Methods. We determined associations between cognitive function, gait speed, and self-reported measures of physical function in 3035 healthy mobile participants of the Ginkgo Evaluation of Memory Study evaluated in 2000–2001. Gait speed was measured over a 15-foot course with participants walking at both their usual and rapid pace. Self-reported difficulties with Activities of Daily Living (ADLs) and other physical function tasks were also collected. Results of the Modified Mini-Mental State Examination (3MSE) determined cognitive function.
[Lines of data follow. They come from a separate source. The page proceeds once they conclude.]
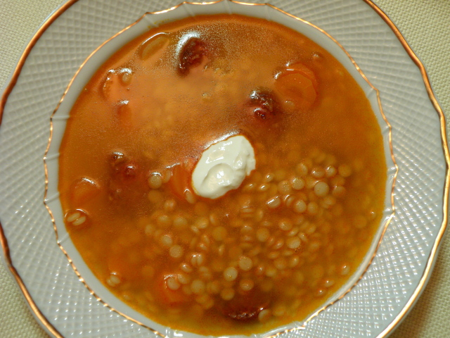 Hozzávalók: 1 kg burgonya, 3 sárgarépa, 1 petrezselyem gyökér, 25 dkg füstölt kolbász, 20 dkg tarhonya, 1 teáskanál őrölt paprika, 1 evőkanál liszt, fél dl étolaj, só.
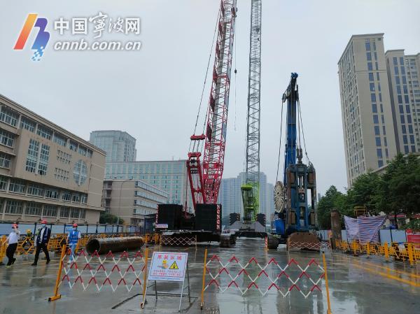 麗園北路站位于海曙聯(lián)豐路與麗園路交叉口。開工首日,記者在現(xiàn)場看到,數(shù)十輛機(jī)械設(shè)備有序作業(yè),細(xì)雨中百余工人正開展地連墻施工,意味著車站全面施工正式開始。
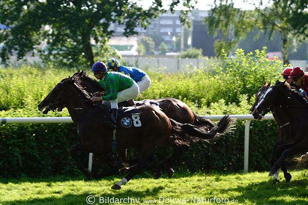 54986  Galoppade Pferderennen Gegenlicht Bild Karmie Rastislav Juracek (8) in Führung, dahinter Avec mit Toni Potters gefolgt von 2 Anderen Reiter, Turfrennen Fotografie von BMW GaloppDerby, Buchmacher Albers-Rennen 8, Hamburg Horn

Results. The average age of the cohort was 78.6 years (standard deviation [SD] 3.3), and 53.9% of participants were men. Mean gait speed was 0.95 (SD 0.23) m/s at a usual pace and 1.35 (SD 0.58) m/s at a rapid pace. More than three-fourths of participants had 3MSE scores > 90. In multiple logistic models adjusted for demographics and comorbidities, risk of low cognition (defined as 3MSE score of 80–85) was almost twice as great for participants in the slowest quartile of the rapid-paced walking task than for the fastest walkers (odds ratio: 1.96, 95% confidence interval, 1.25–3.08). Associations between cognition and usual-paced walking were borderline, and no relationships were found with self-reported measures of physical function, including ADLs.

Conclusions. In very healthy older adults, performance-based measures better predict early cognitive decline than do subjective measures, and tasks requiring greater functional reserve, such as fast-paced walking, appear to be the most sensitive in assessing these relationships.

Many studies examining the relationship between cognitive function and disability examine function by means of self-reported Activities of Daily Living (ADLs) (13) and Instrumental Activities of Daily Living (IADLs) (14). Although IADLs and ADLs have been found to be useful markers of functional decrements and decline in individuals with mild to moderate dementia (15,16), research on more subtle decrements of physical function in individuals with subclinical cognitive impairment before the development of deficiencies in ADLs or IADLs is limited. In addition, using these measures may be problematic in studies of cognitive decline due to the subjectivity of self-reported information and low specificity (17). Use of performance-based measures may be more appropriate in these settings to provide more objectivity in measurement and to allow for variability in effort needed for different tasks (18).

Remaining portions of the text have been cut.